5 Benefits of Predictive Analytics for the Insurance Industry

Artificial Intelligence helps insurance companies not only speed up tasks but also make better decisions. In fact, the use of AI in solutions like predictive analytics will open up new opportunities for innovation in the insurance industry and significantly transform the way the insurers assess risk.

In this post, we’ll find out what predictive analytics is and how it benefits the insurance industry.

What is predictive analytics?

Predictive analytics is the technology used to assimilate data into meaningful insights and actionable information. It investigates historical trends, creates risk assessment models based on the available data, and predicts the outcome of future events. All of this is done with the help of tools like machine learning and data analysis software, similar to that which can be found when you click now.
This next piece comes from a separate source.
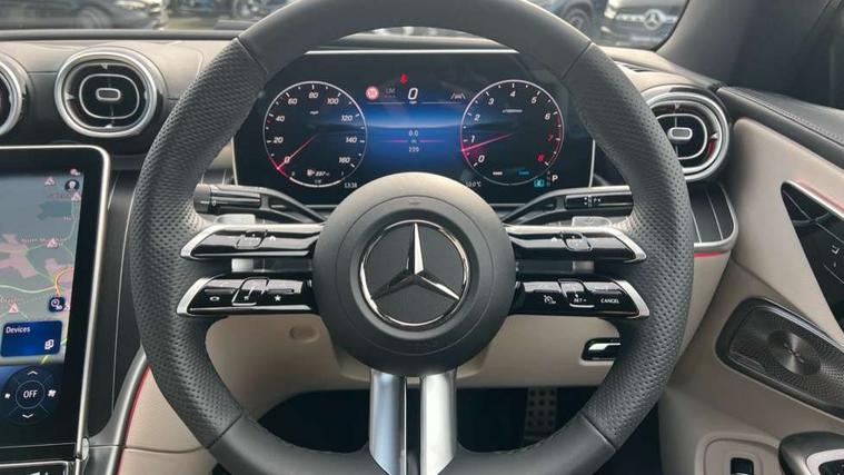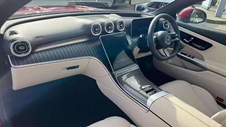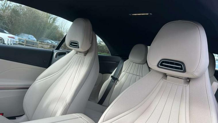 5G Communications module, Active lane keeping assist, Bluetooth connection, Car wash mode, DYNAMIC SELECT with a choice of driving modes (ECO, Comfort, Sport, Sport+ and Individual), eCall emergency call system, Fingerprint scanner, Fluorescent jacket for driver, Fully digital 12.3" driver display screen, Hard-disk navigation, Head up Display, Hey Mercedes Voice activation, MBUX navigation premium, PAS, Passive person presence reminder, Portrait format 11.9" touchscreen central display with driver orientation, Smartphone integration with Apple CarPlay and Android auto, Traffic sign assist, Wireless charging system for mobile devices in the front, 66 litre fuel tank, 9G TRONIC plus automatic transmission, Agility control sports suspension lowered by 15 mm, Integrated starter generator Gen 2, Sporty engine sound system, Burmester 3D surround sound system with sound personalisation, Digital radio, MBUX extended functions, MBUX multimedia system, AMG bodystyling, AMG Line exterior, Auto headlights, Electric windows, LED 3rd brake light, LED Day time running light, LED digital light with adaptive highbeam assist plus, Rain sensor windscreen wipers, Rear boot, Variable front intermittent wipers, 2 individual rear seats, 2 rear head restraints, Ambient lighting premium, Ambient lighting with projection of brand logo, AMG floor mats, AMG line interior, Belt feeder, Climatised massage multicontour front seats, Folding rear seat backrests, Front headrests, Heated front seats, Illuminated door sill panels with Mercedes Benz lettering, Instrument panel and beltlines in ARTICO manmade leather in nappa look, Leather upholstery, Multifunction sports steering wheel in nappa leather, Power height and reach adjustable steering column, Single front passenger seat, THERMATIC automatic climate control, Comfort package - CLE, Energizing plus package with air balance pack - CLE, Interior light pack - CLE, Memory seat pack - CLE, Mirror pack - CLE, Parking package with 360 degree camera - CLE, Stowage space package - CLE, USB package plus - CLE, Anti-lock braking system (ABS), Braking system with larger brake discs on the front axle, Centre airbag, Dual front airbags, Electric parking brake, Electronic Stability Programme (ESP), Front and rear seatbelt reminder, Hill start assist, Pedestrian protection, Tyre pressure monitoring system, Anti theft alarm system, Guard 360 degree vehicle protection plus, Increased anti-theft protection, Interior monitoring system, Keyless Go, Keyless Go starting function, Black open-pore aluminium lines wood trim with mixed fabric look metal finish centre console, 20" AMG multi spoke light alloy wheels painted in black with high sheen finish - RVM, Tirefit,

Simply put, predictive analytics tools in combination with platforms like Azure Databricks can collect data to better understand and predict the behavior of the insured. Insurance companies usually collect data from telematics, agent and customer interactions, and social media to manage their relationships, claims, and underwriting.

To get a competitive advantage, insurance providers leverage predictive analytics in multiple areas. The most common uses are listed below.

Identifying and preventing the risk of fraud

The Coalition of Insurance Fraud estimates that $80 billion is lost annually from fraudulent claims in the US alone. For insurers in the United States and Canada, fraud makes up an additional 5-10% of claims costs.

Predictive analytics can help insurance companies create a customer base with information that can be used to see if new policy buyers fall in a group of people who may potentially commit fraud. In fact, the insurer can feed the model with past data and then use it to classify new prospects and customers.

Insurers can use predictive modeling to identify and prevent potential fraud before it happens. When humans fail, predictive analytics can identify mismatches. Many insurers even turn to social media activity to monitor online activity of the insured for signs of fraudulent behavior.

Identifying the risk of customer cancellation

Predictive analytics in insurance is going to help specialists identify customers who are likely to cancel or lower coverage. Advanced data insights that will be available thanks to predictive analytics can help insurers identify clients who are unhappy with their coverage or carrier. Having this knowledge in hand will allow insurers to provide personalized customer experience and alleviate potential issues. Without the use of predictive analytics, insurers can miss these credible warning signs and lose valuable time.

Identifying potential markets

Predictive analytics can help insurers identify and target new potential markets. Collected data can reveal behavior patterns and common characteristics so that insurers know where to target their marketing efforts. When it comes to identifying potential markets, predictive modeling is a great tool to analyze data on social media, as these platforms have become increasingly important these days.

Building better customer service

Data gathered from social media platforms can also help you build better customer service provided by your company. About 60% of Americans say that they regularly interact with companies on social network sites and it made the process easier when it comes to obtaining answers and resolving issues.

Mostly, it happens thanks to big data that assists in the customer service process by automatically understanding the problem, for instance, of a caller and routing it to the respective department. This has become possible because of the preliminary details that the customer has to fill in. The analytical model attached to the policy’s database can better bridge the gap so that customers get what they need as quickly as possible.

Anticipating industry trends and customer needs

Insurance companies are always looking for ways to outpace their competitors, and there’s no better way to do that than by staying on top of the insurance sector’s trends. The focus of predictive analytics is on anticipating trends before they happen so that it will be possible to minimize risks for businesses. With the help of predictive analytics models and tools, organizations can use historical and real-time data to anticipate industry trends and customer behaviors.

Conclusion

These days more and more insurers use predictive analytics tools to gain actionable insights and forecast future events. It provides insurance companies a competitive advantage that saves time, resources, and money while helping insurers plan and act more effectively. Apart from gaining insights and helping in risk management, data analytics can also help understand if a person qualifies for insurance coverage. What does his social media activity look like? What are his hobbies? Has he lied in the application? All of this can be extracted through the proper use of data analytics tools.